If you think this sounds a bit judgmental, it’s not. I’m actually criticizing myself, you see. I guess I could best put it this way.
“Hi, my name is Dave, and I am a recovery church ‘country club’ member.”
Honestly, I used to be pretty self-righteous myself. I could point my finger and quote the rules with the best of them. Then life kicked the stuffing out of me to the point where only Jesus could pick up the pieces. So I tend to be a lot more merciful right now, since I can remember how much I needed God’s mercy.
But for all the church Country Club members out there, here’s one quick Bible quote for you. In Revelation 3:20, we actually see Jesus on the outside of the church, asking to come in. That’s right—the Christian country club had actually locked out it’s very founder, Christ himself!
When I used to read that passage, “Behold, I stand at the door and knock…,” I arrogantly assumed he was talking to non-Christians. But the book of Revelation is addressed specifically to believers. So it is the Church itself who most often keeps him standing on the outside of our doors, waiting there in line with all his sketchy-looking friends.

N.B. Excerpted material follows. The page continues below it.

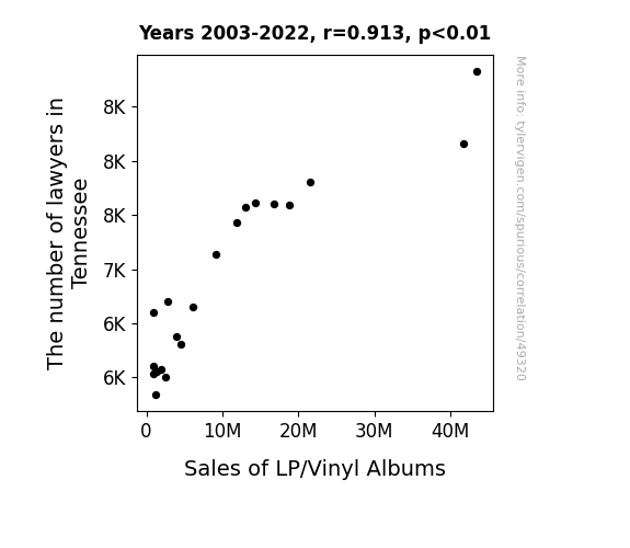 This means 83.3% of the change in the one variable (i.e., Sales of LP/Vinyl Albums) is predictable based on the change in the other (i.e., The number of lawyers in Tennessee) over the 20 years from 2003 through 2022.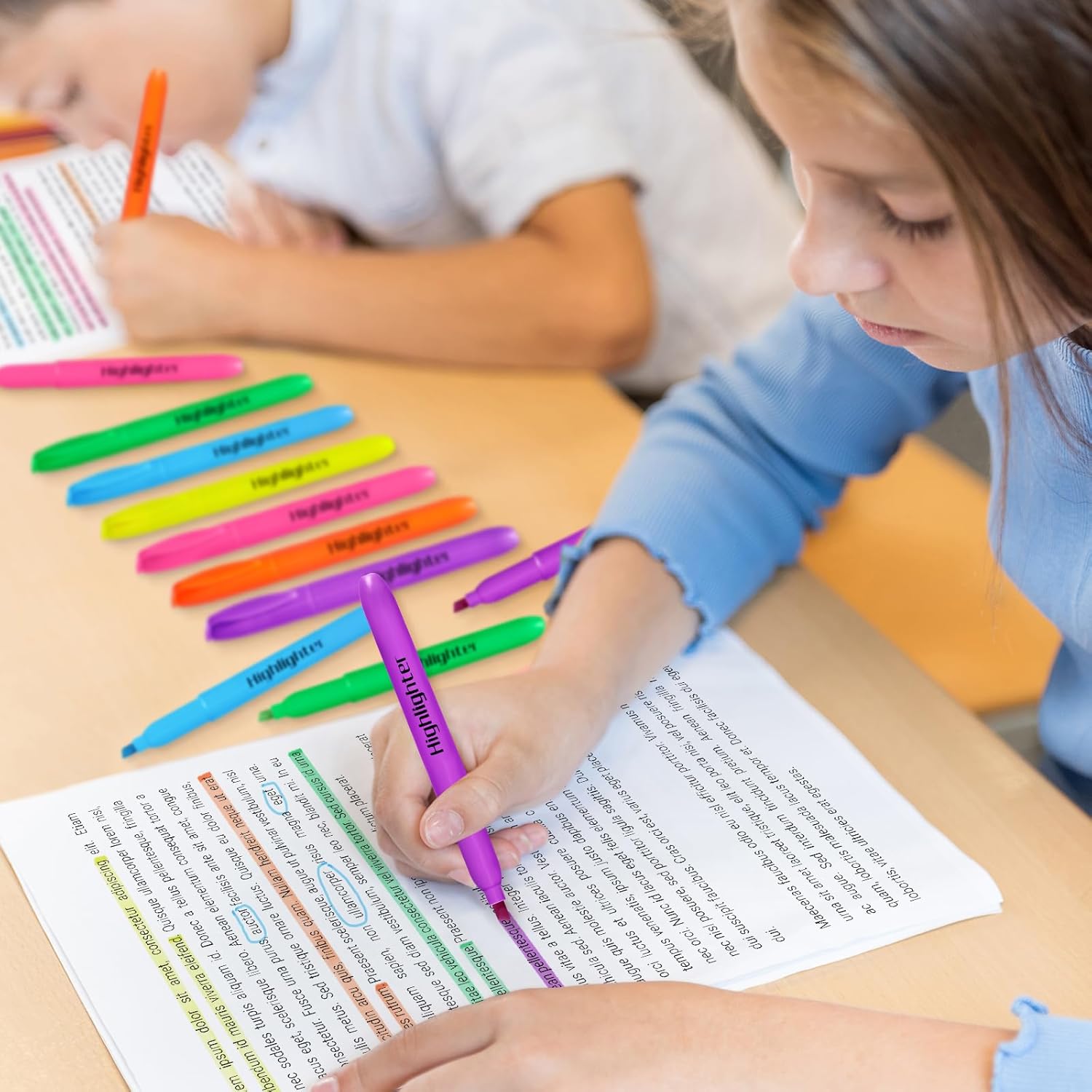 - Assorted Colors Highlighter: 240 pack highlighters bulk contains 6 bright fluorescent colors to help you classify different topics or concepts. Including yellow, pale blue, pink, purple, green, and orange, perfect for color coding and highlighting favorite book passages or notes. If you are looking for smooth, pretty, light pastel highlighters, then these will not disappoint

But be careful. Revelation also warned that Christ would come and “remove our lampstand” (meaning we would no longer truly be a church) if we did not return to our first love. That first love is Jesus, and he refuses admittance to our lives, and to our churches, without us allowing in all his motley-looking friends—the hurting and broken around us.
Fortunately, there are many churches who not only look like a church, they act like it as well. Unfortunately, there are quite a few who fool people with a steeple and a pulpit on the platform, but who’ve truly left Christ and his followers outside their doors. The key is to make sure you belong to the real thing and not just an empty building dressed up like a church.
You’ll know the difference by whom they embrace. If it is only the clean and holy, you’re not at the right place even if they have immediate seating available.
Whether or not you’re attending a “real church” may actually go against popular conviction. Sometimes, “if it walks like a duck and quacks like a duck,” it may still turn out to be a turkey!